The strong scent of his father wafted over him then as animal fat and smoke together with pine sap and earth. The smell of the high forest.
‘You are leaving,’ came the voice of his mother behind him. He turned. She lay beneath piled blankets. Her long grey hair caught the moonlight that brightened their one window of stretched sheepskin.
‘Yes.’
‘When?’
‘Tomorrow.’
‘I see. Where will you go?’
He squeezed the heavy leather shirt and trousers in his hands, cleared his throat. ‘Down to the coastal kingdoms. Perhaps I’ll join with Ronal the Bastard.’
After a long silence she said, ‘Take Boarstooth.’
He straightened, surprised.
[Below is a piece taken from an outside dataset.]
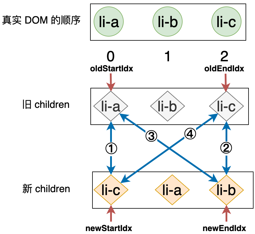 patch 函数知道它们是相同的标签,所以只会更新 VNodeData 和子节点,由于这两个标签都没有 VNodeData,所以只需要更新它们的子节点,旧的 li 元素的子节点是文本节点 '1',而新的 li 标签的子节点是文本节点 '3',所以最终会调用一次 patchText 函数将 li 标签的文本子节点由 '1' 更新为 '3'。接着,使用旧 children 的第二个节点和新 children 的第二个节点进行比对,结果同样是调用一次 patchText 函数用以更新 li 标签的文本子节点。类似的,对于新旧 children 的第三个节点同样也会调用一次 patchText 函数更新其文本子节点。而这,就是问题所在,实际上我们通过观察新旧 children 可以很容易的发现:新旧 children 中的节点只有顺序是不同的,所以最佳的操作应该是通过移动元素的位置来达到更新的目的。

Boarstooth was his father’s spear. It hung now over the stone hearth of his uncle’s hall. ‘Jal has claimed it.’
‘I did not agree to that. But I said nothing at the time. You were too young.’ Her eyes, glittering in the faint light, shifted in the direction of the hall. ‘Go now. They will all be abed.’
He rose, slipped an arm through a belt and adjusted the roll on his back. Inside, he knew, would be the tall moccasins that his father always wore bound with leather strips up to his knees. His mother rose as well. In her long white shift she glowed like a ghost and Orman felt a shiver of premonition of her death. She met him at the door, said, ‘Go quietly.’